One Republican, Senator Mitt Romney, a longtime Trump foe, risked White House wrath to vote alongside Democrats on the first count, saying Trump was "guilty of an appalling abuse of public trust." He voted not guilty on the second charge.

But the verdict was never truly in question since the House of Representatives formally impeached Trump in

December, and has now cleared out a major hurdle for the president

to fully plunge into his campaign for re-election in November.

Trump to speak Thursday

Responding to the verdict, Trump announced he would deliver a formal statement Thursday from the White House "to discuss our Country's VICTORY on the Impeachment Hoax!"

Shortly before, the president tweeted a montage depicting a fake cover of Time magazine declaring him president for all eternity.

The White House declared that Trump had

obtained "full vindication and exoneration."

But Nancy Pelosi, the House Speaker and top Democrat in Congress, said that by clearing Trump Republicans had "normalized lawlessness."

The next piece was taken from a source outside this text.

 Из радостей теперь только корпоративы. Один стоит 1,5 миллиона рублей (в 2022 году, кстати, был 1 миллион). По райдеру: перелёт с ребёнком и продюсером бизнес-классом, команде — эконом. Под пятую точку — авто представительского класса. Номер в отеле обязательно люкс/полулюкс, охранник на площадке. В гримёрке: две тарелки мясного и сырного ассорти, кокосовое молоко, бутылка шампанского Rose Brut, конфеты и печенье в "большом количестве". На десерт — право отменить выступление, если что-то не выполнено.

"There can be no acquittal without a trial, and there is no trial without witnesses, documents and evidence," she said. 

"Sadly, because of the Republican Senate's betrayal of the Constitution, the president remains an ongoing threat to American democracy, with his insistence that he is above the law and that he can corrupt the elections if he wants to." 

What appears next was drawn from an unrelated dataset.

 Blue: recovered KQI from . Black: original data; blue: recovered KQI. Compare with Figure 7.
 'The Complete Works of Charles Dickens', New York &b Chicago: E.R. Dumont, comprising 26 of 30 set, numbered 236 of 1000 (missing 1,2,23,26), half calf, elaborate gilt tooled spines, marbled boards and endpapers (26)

Senate minority leader Chuck Schumer said the acquittal was "virtually valueless" since Republicans refused witnesses at his trial.

'Forever impeached'

The Democrats' intense 78-day House investigation faced public doubts and high-pressure stonewalling from the White House.

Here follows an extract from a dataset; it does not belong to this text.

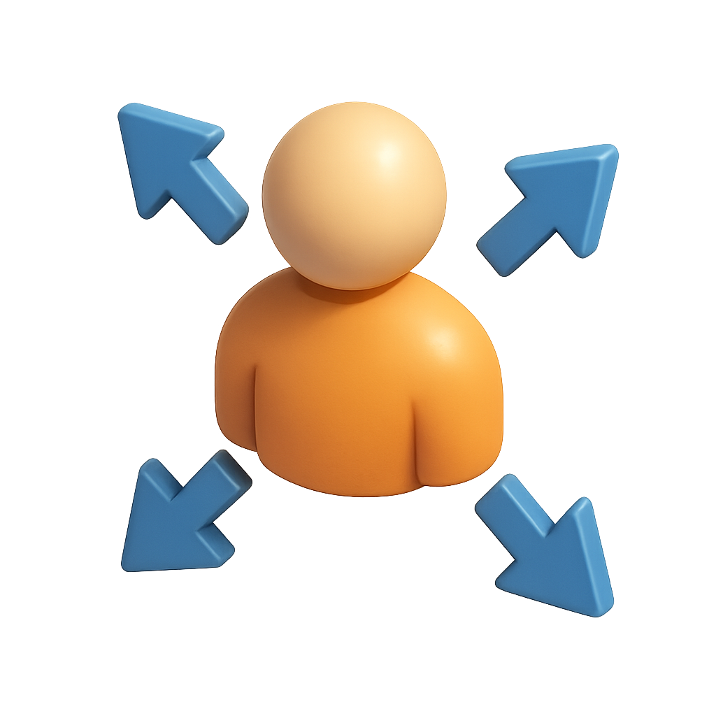 3D User Icon with Outward Arrows in Isometric View

Concerned about the political risk for the party, Pelosi rejected a call early last year to impeach Trump on evidence compiled by then-special counsel Robert Mueller that he had obstructed the Russia election meddling investigation.

But her concerns melted after new allegations surfaced in August that Trump had pressured Ukraine for help for his 2020 campaign.

Though doubtful from the outset that they would win support from Republicans, an investigation amassed with surprising speed strong evidence to support the allegations.

The evidence showed that from early in 2019, Trump's private lawyer Rudy Giuliani and a close political ally, Ambassador to the European Union Gordon Sondland, were scheming to pressure Kiev to help smear Democrats, including Trump's potential 2020 rival Joe Biden, by opening investigations into them.

"We must say enough

-- enough! He has betrayed our national security, and he will do so again," Adam Schiff, who led the House investigation, argued on the Senate floor this week.

"He has compromised our elections, and he will do so again," Schiff said.

'Colossal' mistake

In the trial, Trump's defense

was not seen as having undermined the facts compiled by Schiff's probe, and several Republican senators acknowledged he

did wrong.

But his lawyers and Senate defenders argued, essentially, that Trump's behavior was not egregious enough for impeachment and removal. 

And, pointing to the December House impeachment vote, starkly along party lines, they painted it as a political effort to "destroy the president" in an election year and insisted

voters should be allowed to decide

Trump's fate.

Senate Majority Leader Mitch McConnell said impeachment will benefit Republicans. 

"Right now this is a political loser for them. They

initiated it. They thought this was a great idea. At least for the short term, it has been a colossal political mistake."